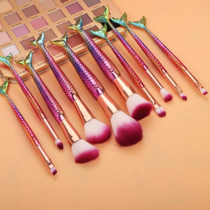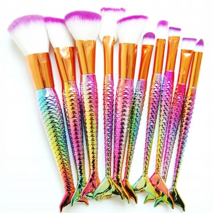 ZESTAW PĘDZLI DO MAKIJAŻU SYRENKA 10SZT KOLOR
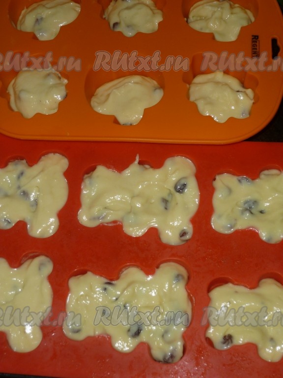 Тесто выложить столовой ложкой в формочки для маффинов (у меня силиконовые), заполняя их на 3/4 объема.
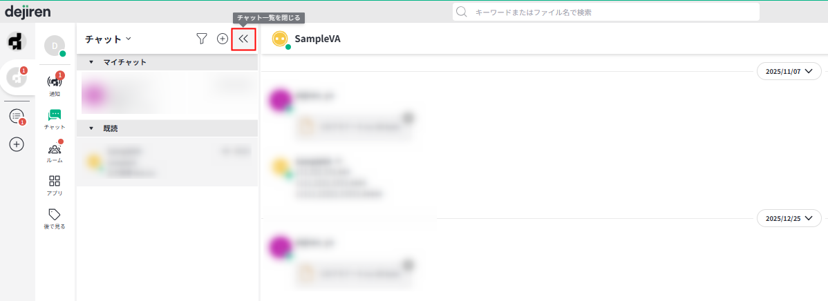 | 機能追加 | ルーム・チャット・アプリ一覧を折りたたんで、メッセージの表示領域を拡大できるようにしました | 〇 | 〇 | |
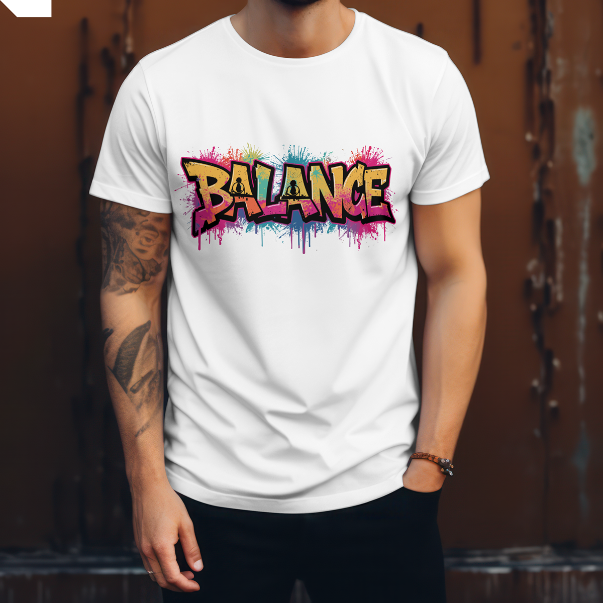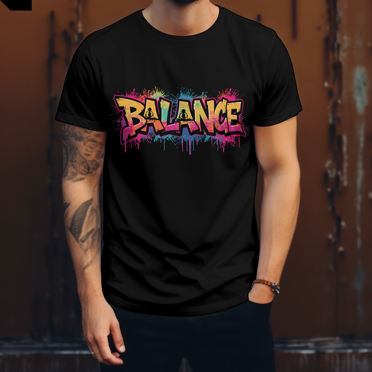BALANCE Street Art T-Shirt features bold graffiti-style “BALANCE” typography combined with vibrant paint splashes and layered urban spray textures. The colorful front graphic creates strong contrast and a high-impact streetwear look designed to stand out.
________
● Exercise
Give back an exact copy of the material above, omitting the pictures.

● Answer to the exercise
 ZESTAW PĘDZLI DO MAKIJAŻU SYRENKA 10SZT KOLOR
 Тесто выложить столовой ложкой в формочки для маффинов (у меня силиконовые), заполняя их на 3/4 объема.
 | 機能追加 | ルーム・チャット・アプリ一覧を折りたたんで、メッセージの表示領域を拡大できるようにしました | 〇 | 〇 | |
BALANCE Street Art T-Shirt features bold graffiti-style “BALANCE” typography combined with vibrant paint splashes and layered urban spray textures. The colorful front graphic creates strong contrast and a high-impact streetwear look designed to stand out.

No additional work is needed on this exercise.